Play video sample. Plays video in Jupyter notebook or plays in web browser. Video is streamed directly from storage. This method will fail for incompatible htypes.

Example

>>> ds = deeplake.load("./test/my_video_ds")
>>> # play second sample
>>> ds.videos[2].play()

Note

Video streaming is not yet supported on colab.

pop(index: Optional[Union[int, List[int]]] = None): Removes element(s) at the given index / indices.

property sample_indices: Returns all the indices pointed to by this tensor in the dataset view.

property sample_info: Union[Dict, List[Dict]]

Returns info about particular samples in a tensor. Returns dict in case of single sample, otherwise list of dicts. Data in returned dict would depend on the tensor’s htype and the sample itself.

Example

>>> ds.videos[0].sample_info
{'duration': 400400, 'fps': 29.97002997002997, 'timebase': 3.3333333333333335e-05, 'shape': [400, 360, 640, 3], 'format': 'mp4', 'filename': '../deeplake/tests/dummy_data/video/samplemp4.mp4', 'modified': False}
>>> ds.images[:2].sample_info
[{'exif': {'Software': 'Google'}, 'shape': [900, 900, 3], 'format': 'jpeg', 'filename': '../deeplake/tests/dummy_data/images/cat.jpeg', 'modified': False}, {'exif': {}, 'shape': [495, 750, 3], 'format': 'jpeg', 'filename': '../deeplake/tests/dummy_data/images/car.jpg', 'modified': False}]

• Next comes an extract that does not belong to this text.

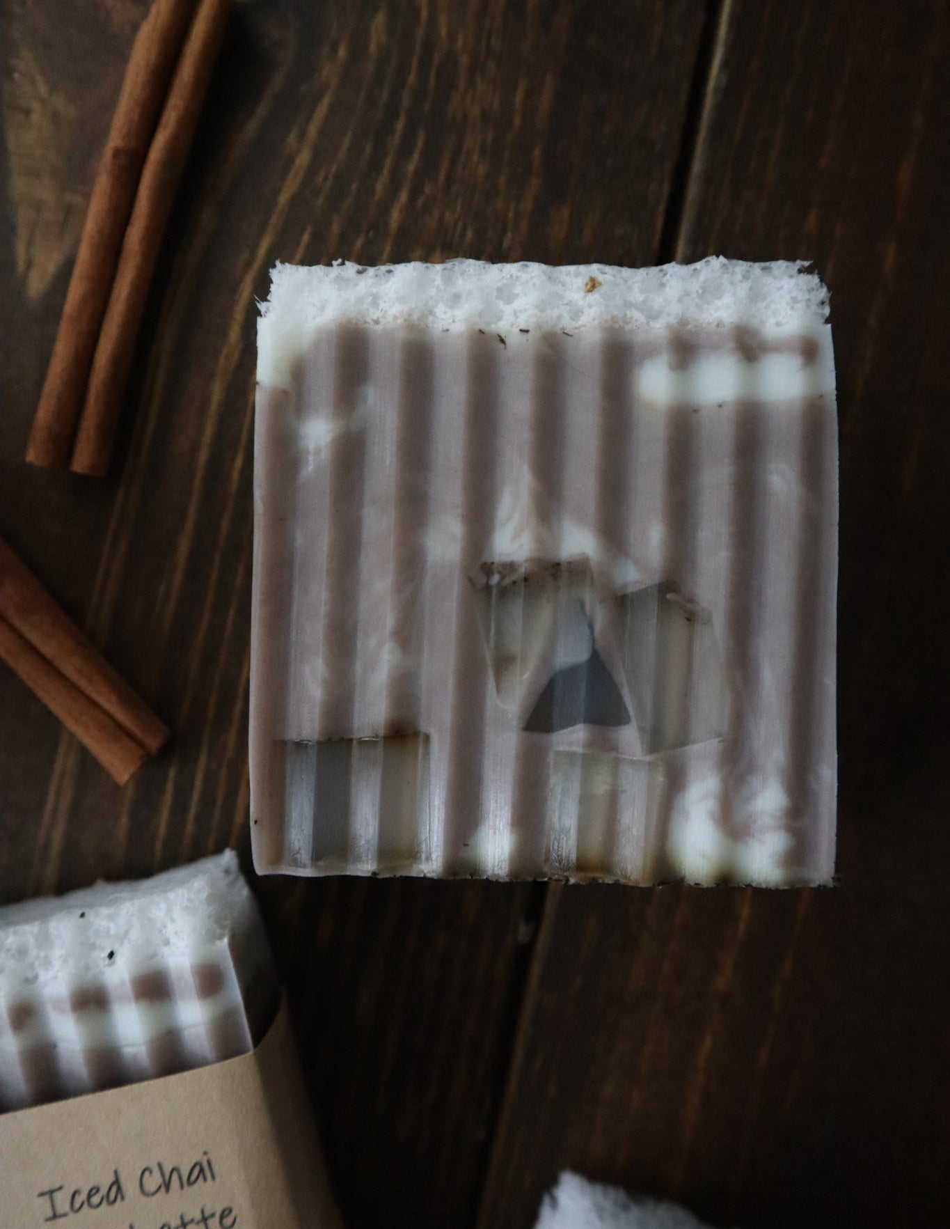 A signature fall drink in a soap! 🧋 Our Iced Chai Tea Latte soap encapsulates what we love about fall with its blend of vanilla, cinnamon, cardamom, clove, and nutmeg essential oils. This soap contains the contents of 1 chai tea packet (black tea, natural chai, cinnamon, ginger, cardamom, and clove) for added exfoliation. We also included ice cubes (clear soap base) and a frothy soap top to resemble your favorite fall drink! The warm and comforting blend of spices pairs perfectly with nutrient dense, moisturizing goat's milk to keep your skin hydrated in cooler weather.

property shape: Tuple[Optional[int], ...]

Get the shape of this tensor. Length is included.

Example

>>> tensor.append(np.zeros((10, 10)))
>>> tensor.append(np.zeros((10, 15)))
>>> tensor.shape
(2, 10, None)

Returns: Tuple where each value is either None (if that axis is dynamic) or an int (if that axis is fixed).
Return type: tuple

Note

If you don’t want None in the output shape or want the lower/upper bound shapes, use shape_interval instead.

property shape_interval: ShapeInterval

Returns a ShapeInterval object that describes this tensor’s shape more accurately. Length is included.

Example

>>> tensor.append(np.zeros((10, 10)))
>>> tensor.append(np.zeros((10, 15)))
>>> tensor.shape_interval
ShapeInterval(lower=(2, 10, 10), upper=(2, 10, 15))
>>> str(tensor.shape_interval)
(2, 10, 10:15)

Returns: Object containing lower and upper properties.
Return type: ShapeInterval

Note

If you are expecting a tuple, use shape instead.

shapes()

Get the shapes of all the samples in the tensor.

Returns: List of shapes of all the samples in the tensor.
Return type: np.ndarray

summary(): Prints a summary of the tensor.

text(fetch_chunks: bool = False): Return text data. Only applicable for tensors with ‘text’ base htype.

property timestamps: ndarray

Returns timestamps (in seconds) for video sample as numpy array.

Example

>>> # Return timestamps for all frames of first video sample
>>> ds.videos[0].timestamps.shape
(400,)
>>> # Return timestamps for 5th to 10th frame of first video sample
>>> ds.videos[0, 5:10].timestamps
array([0.2002    , 0.23356667, 0.26693332, 0.33366665, 0.4004    ],
dtype=float32)

tobytes() → bytes

Returns the bytes of the tensor.

Only works for a single sample of tensor.
If the tensor is uncompressed, this returns the bytes of the numpy array.
If the tensor is sample compressed, this returns the compressed bytes of the sample.
If the tensor is chunk compressed, this raises an error.

Returns: The bytes of the tensor.
Return type: bytes
Raises: ValueError – If the tensor has multiple samples.

property verify: Whether linked data will be verified when samples are added. Applicable only to tensors with htype link[htype].